#### What to do
Leave the pictures out and quote every line from the start of the listing to the line with "在石油供應及其價格隨世界地緣", inclusive.

#### Available data
--------------------

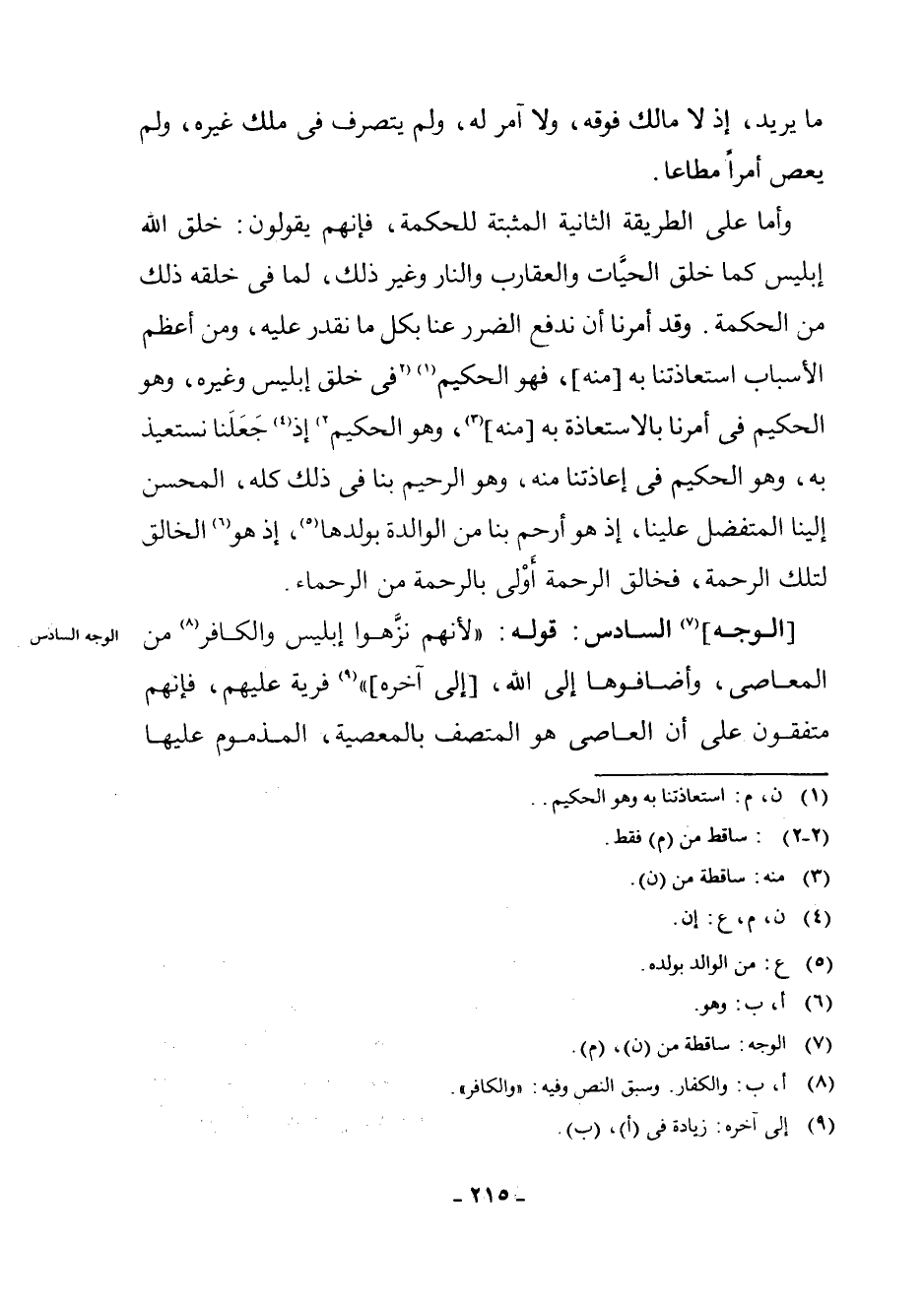 الْوَجْهُ (¬7) السَّادِسُ: قَوْلُهُ: " لِأَنَّهُمْ نَزَّهُوا إِبْلِيسَ وَالْكَافِرَ (¬8) مِنَ الْمَعَاصِي، وَأَضَافُوهَا إِلَى اللَّهِ، [إِلَى آخِرِهِ] " (¬9) - فِرْيَةٌ عَلَيْهِمْ، فَإِنَّهُمْ مُتَّفِقُونَ عَلَى أَنَّ الْعَاصِيَ هُوَ الْمُتَّصِفُ بِالْمَعْصِيَةِ، الْمَذْمُومِ عَلَيْهَا
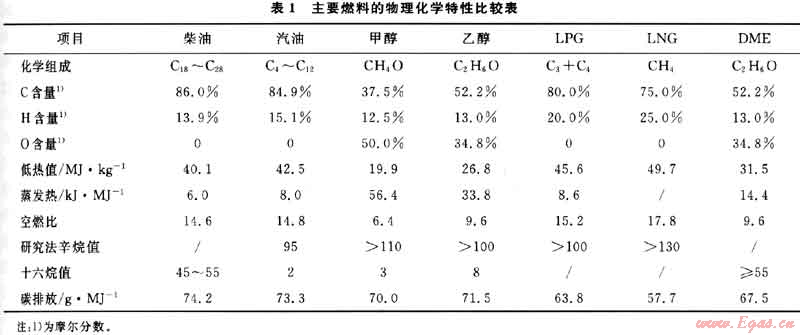 在石油供應及其價格隨世界地緣政治和經濟形勢變化而不斷劇烈波動的21世紀,天然氣作為發(fā)動機燃料有很多優(yōu)點:單位熱值(比能量)最高,尾氣排放最少,C02排放僅為同熱值汽柴油排放量的3/4,利于改善大氣質量,供應可靠,價格低且穩(wěn)定少波動。主要燃料的物理化學特性比較見表1[2]。
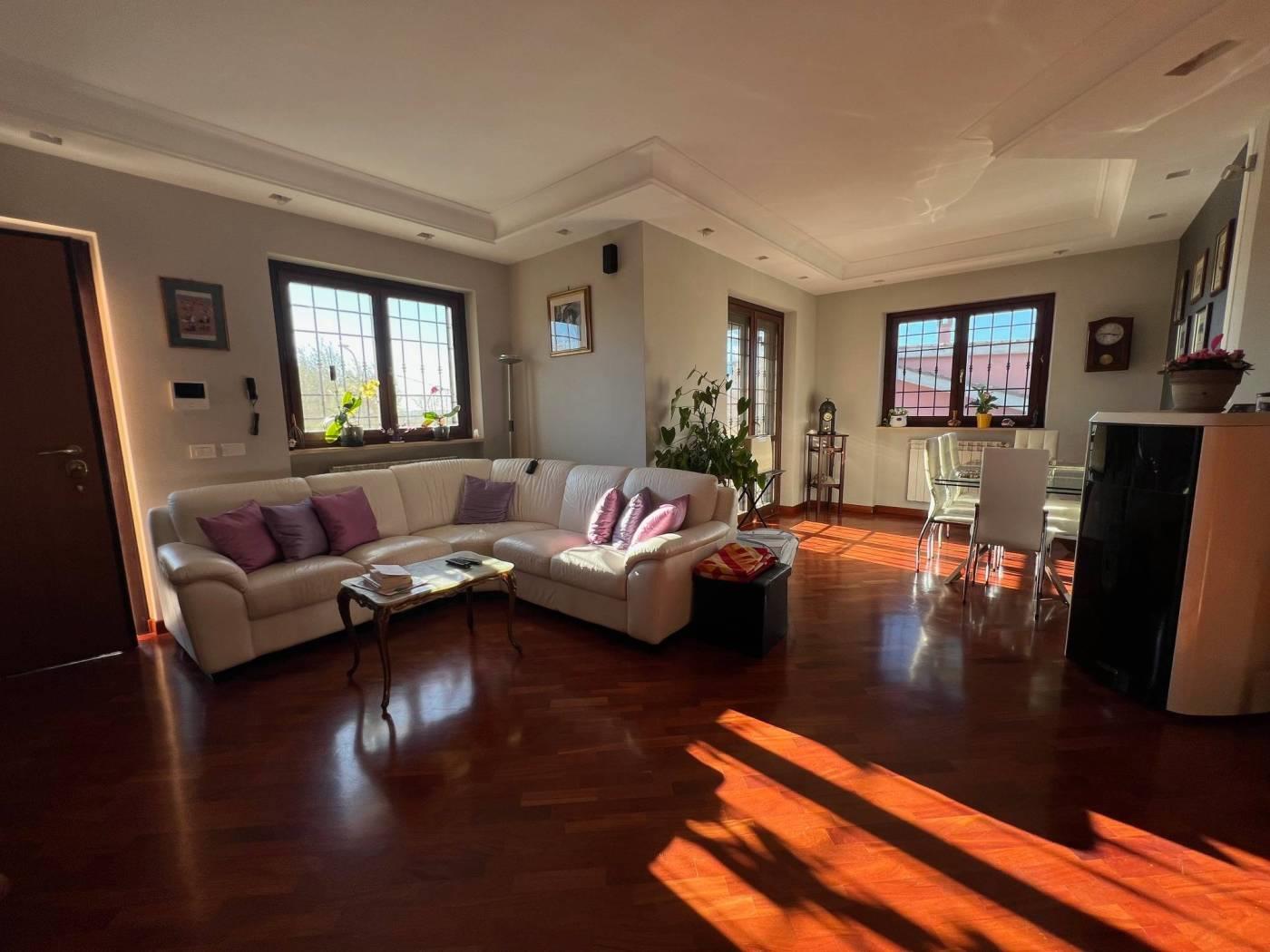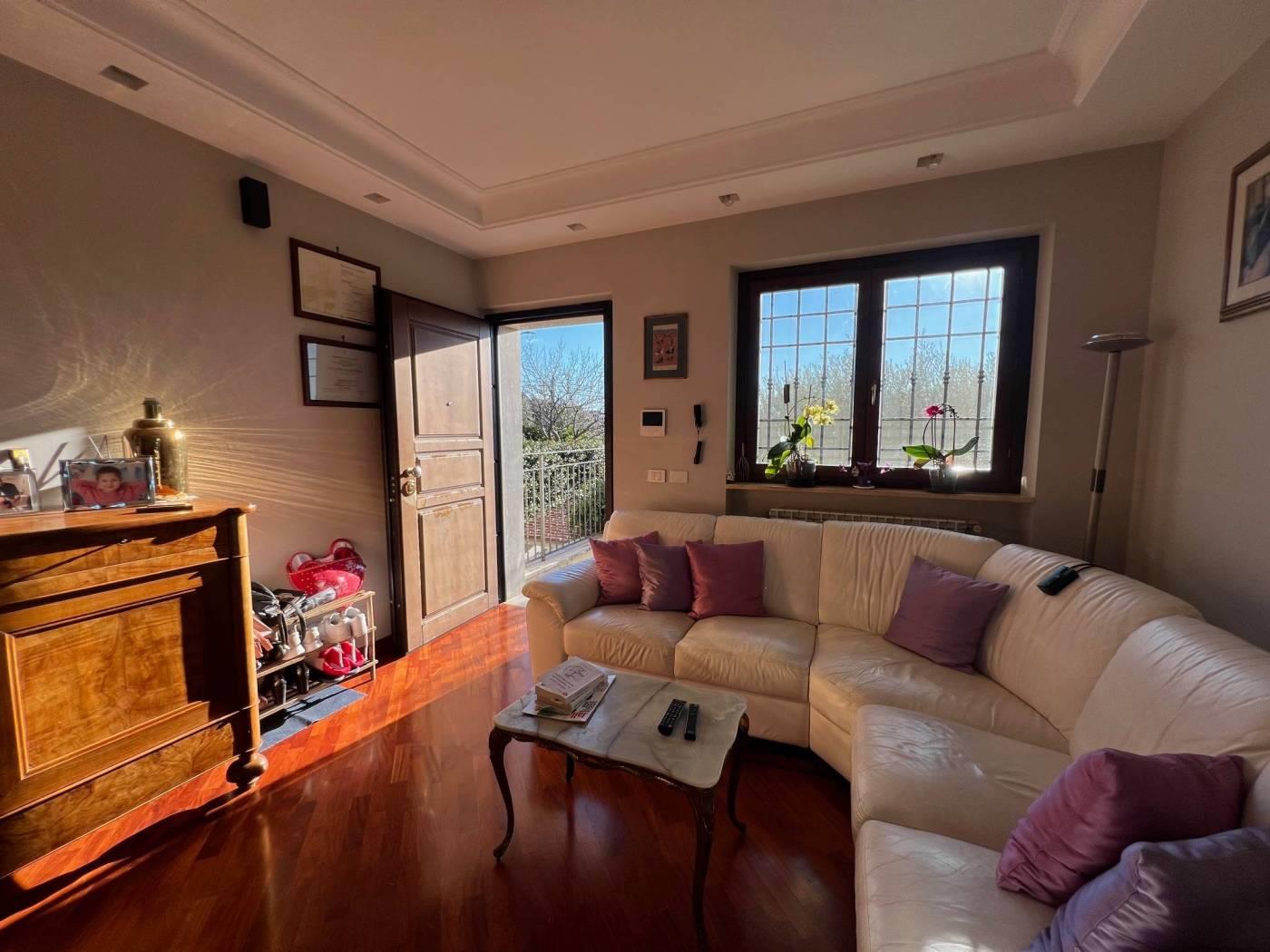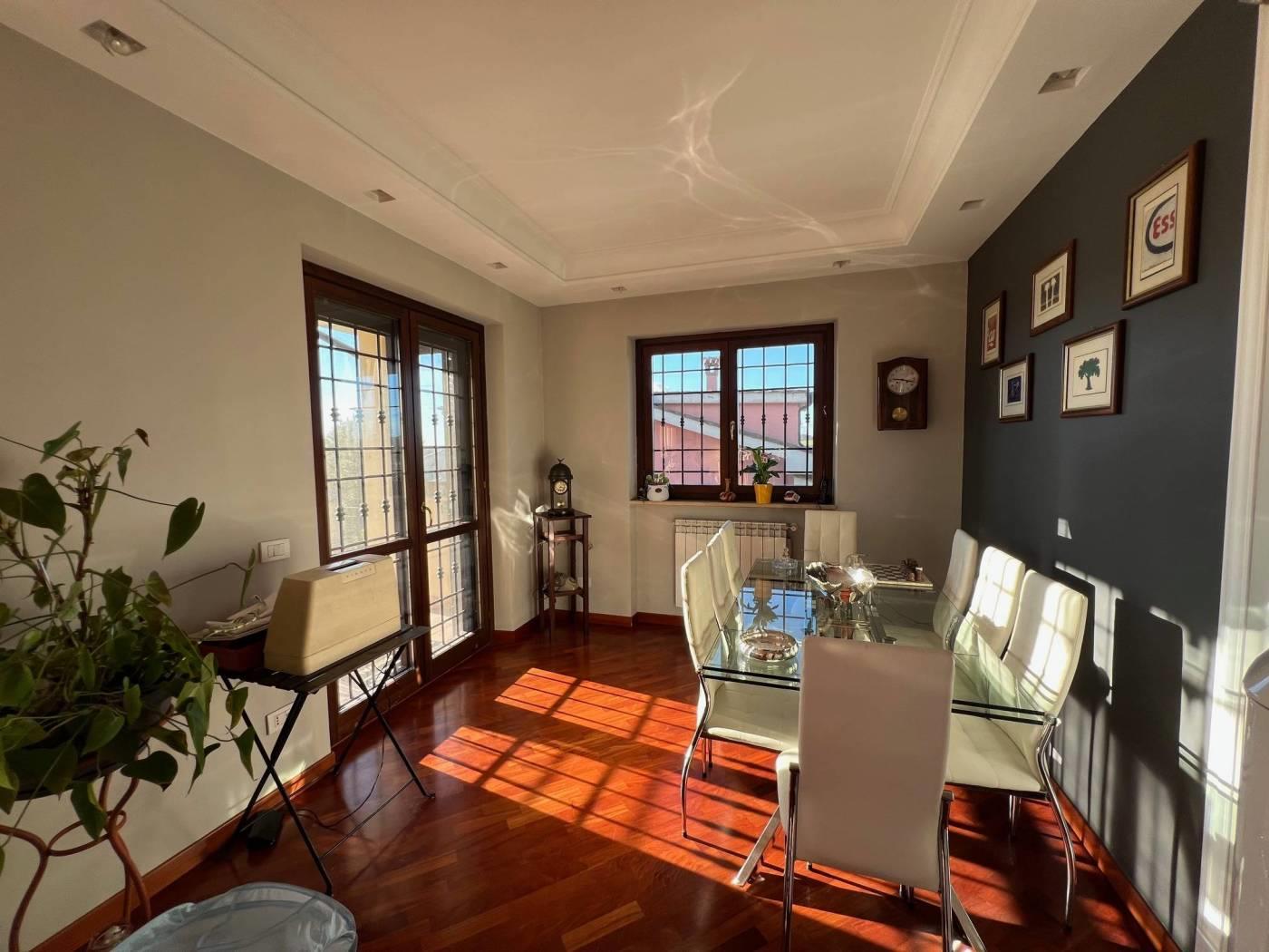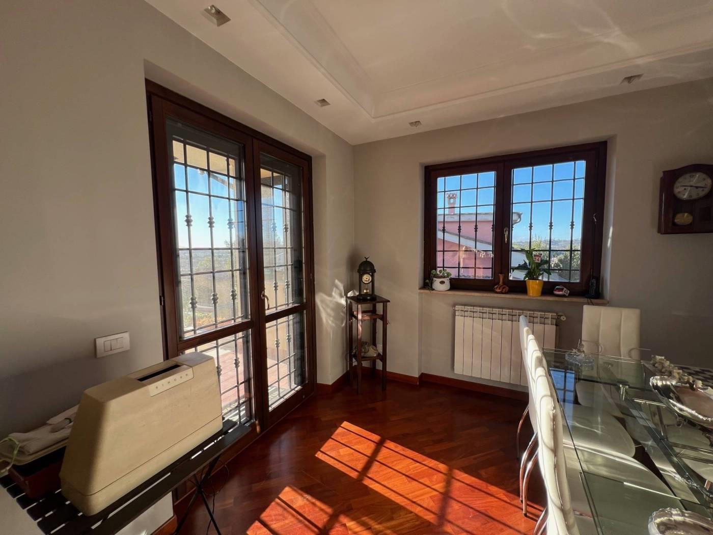 Marco Simone - Proponiamo in vendita elegante villa angolare disposta su tre livelli fuori terra, caratterizzata da ottima esposizione e ampi spazi esterni. Al piano terra rialzato troviamo un luminoso salone con stufa a pellet, accesso diretto al portico e affaccio sul giardino, cucina abitabile con terrazzo e bagno finestrato dotato di vasca idromassaggio. Il piano primo ospita due comode camere matrimoniali, una delle quali con balconcino privato, e un bagno. Al piano seminterrato, accessibile anche tramite secondo ingresso indipendente, si sviluppa un’ampia zona giorno con camino (possibilità di creare una camera), cucina separata da eleganti vetrate, ripostiglio e bagno. Questa configurazione rende l’immobile ideale anche per essere suddiviso in due unità abitative indipendenti tra loro anche negli spazi esterni. Completa la proprietà un ampio cortile con possibilità di parcheggiare più autovetture all’interno. Dotata di pannelli per la produzione di acqua calda sanitaria, predisposizione impianto di condizionamento e impianto di allarme, persiane blindate, grate e zanzariere. Situata in prossimità delle scuole e in un quartiere residenziale è un'ottima soluzione per famiglie e per chi vuole vivere in un contesto tranquillo. Per maggiori dettagli o per fissare un appuntamento contattare la nostra agenzia Frimm sita in Setteville, Largo G. Carducci n. 15, ai seguenti recapiti: tel. 0774/390269 mob. 393/9862035. Tutte le informazioni ivi contenute comprese le metrature sono da intendersi puramente a titolo indicativo e non costituiscono elemento contrattuale.

--------------------

#### Solved exercise
 الْوَجْهُ (¬7) السَّادِسُ: قَوْلُهُ: " لِأَنَّهُمْ نَزَّهُوا إِبْلِيسَ وَالْكَافِرَ (¬8) مِنَ الْمَعَاصِي، وَأَضَافُوهَا إِلَى اللَّهِ، [إِلَى آخِرِهِ] " (¬9) - فِرْيَةٌ عَلَيْهِمْ، فَإِنَّهُمْ مُتَّفِقُونَ عَلَى أَنَّ الْعَاصِيَ هُوَ الْمُتَّصِفُ بِالْمَعْصِيَةِ، الْمَذْمُومِ عَلَيْهَا
 在石油供應及其價格隨世界地緣政治和經濟形勢變化而不斷劇烈波動的21世紀,天然氣作為發(fā)動機燃料有很多優(yōu)點:單位熱值(比能量)最高,尾氣排放最少,C02排放僅為同熱值汽柴油排放量的3/4,利于改善大氣質量,供應可靠,價格低且穩(wěn)定少波動。主要燃料的物理化學特性比較見表1[2]。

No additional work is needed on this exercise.